To recap: an environment that had been turned by people from a lush wetland into a welcome home for fires; was being plagued by extreme droughts that are exacerbated by climate change; and whose main tool to fight the fire was being impacted by those droughts, has been engulfed by flame. And this is all before you get to the clearly extensive lapses in basic emergency response from state and local governments, and the failure to properly plan for such overwhelming fires.
What, precisely, is “natural” about any of this? Virtually every facet of this tragedy has some connection to human activity. Human beings systematically created the conditions for the fire to happen. Human beings systematically created the conditions for the fire to rage so indiscriminately. Human beings systematically took a beautiful, balanced ecosystem and tampered with it so destructively that it has now lost its mind.

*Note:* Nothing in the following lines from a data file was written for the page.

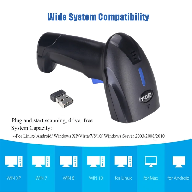 YHD-1100DW 2D 2.4G Wireless Barcode Scanner Handheld 1D 2D QR Bar Code Reader PDF417 for Logistic, Supermarket and Warehouses
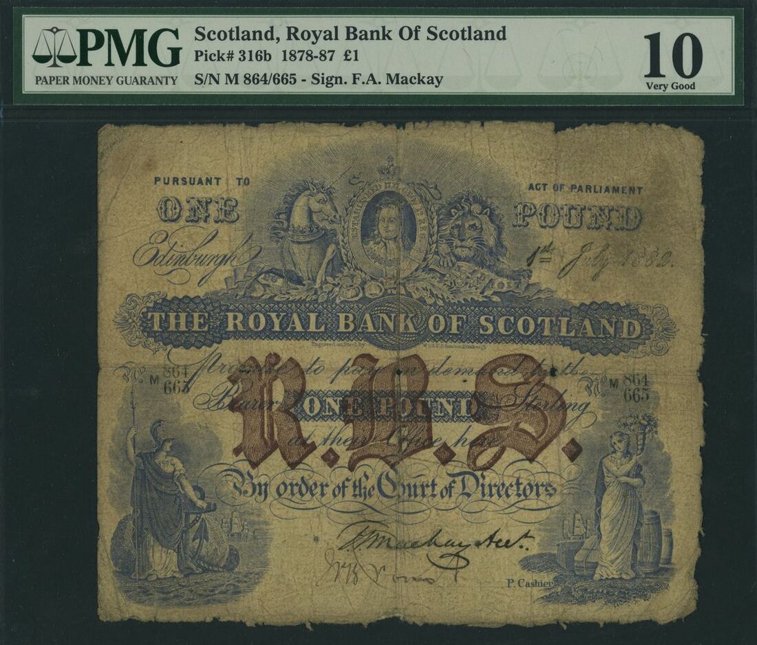 Royal Bank of Scotland, [TOP POP] £1, Edinburgh, 1st July 1882, serial number M 864/665, (PMS RB 53b), in PMG holder 10 Very Good, sole note graded on PMG Census!
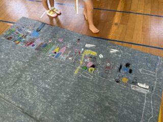 届いた大きな大きな模造紙を見て「何をつくる?」とたずねると、ワクワクした目でたくさんのアイデアを出してくれました🤩
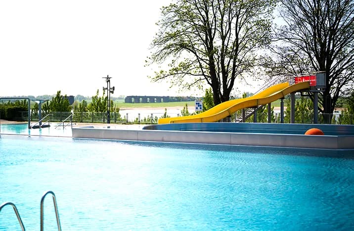 Unser Freibad bietet Ihnen ein 50-Meter-Sportbecken, ein Erlebnisbecken mit Crazy-River, Rutschen und vielen Wasserattraktionen sowie ein Sprungbecken mit 5-Meter-Sprungplattform, zwei 3-Meter- und zwei 1-Meter-Sprungbrettern. Und auch die Kleinsten kommen nicht zu kurz. Der Kleinkindbereich bietet zahlreiche Spielmöglichkeiten für die jüngsten Badegäste.
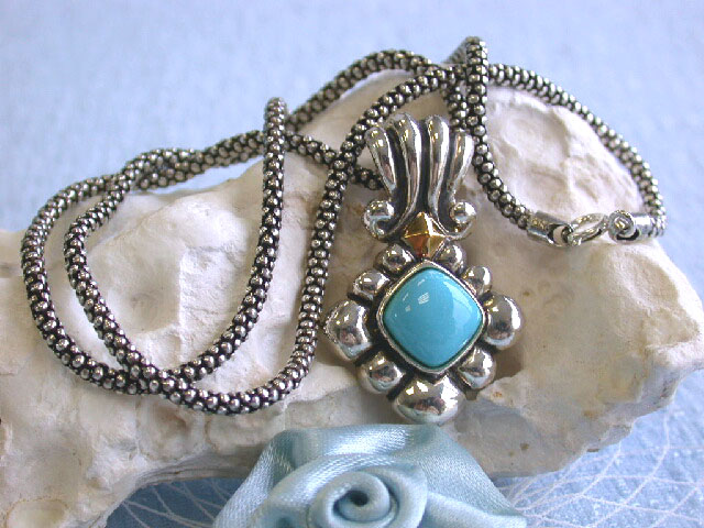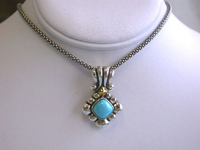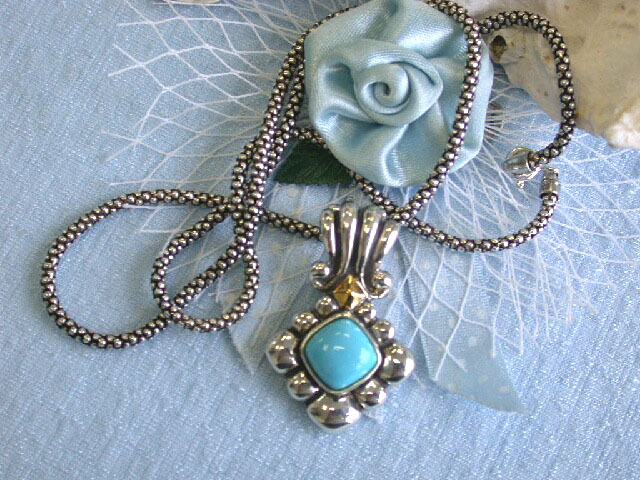Silver and 14k Yellow Gold Necklace with Turquoise. The length is approximately 19.5 inches long (chain) and weighs 20. grams
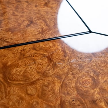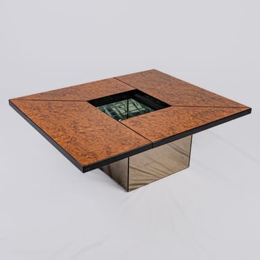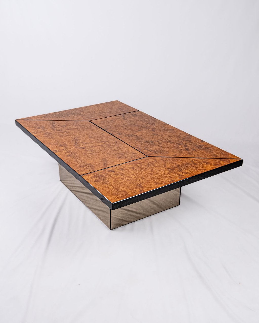 Table basse bar miroir en loupe d'orme / Elm wood coffee table with mirrored bar

To call this a “natural disaster” is to accept the obviously false notion that this is a situation somehow beyond our control—because what use is it to go up against nature itself? But we have predicated the entirety of human advancement on the notion that the environment all around us is subservient. We have taken a planet that developed over billions of years and irrevocably altered just about every part of it in a relative blink of a geological eye. We are living in the world that we made, and we are living with the consequences of our choices.
It is high time that we stop indulging in the fantasy that, when tragedies like the Maui fires break out, we are fighting an implacable, faceless, inexplicable enemy. These are no longer “natural disasters,” not really. The only natural disaster that we are really fighting anymore is ourselves.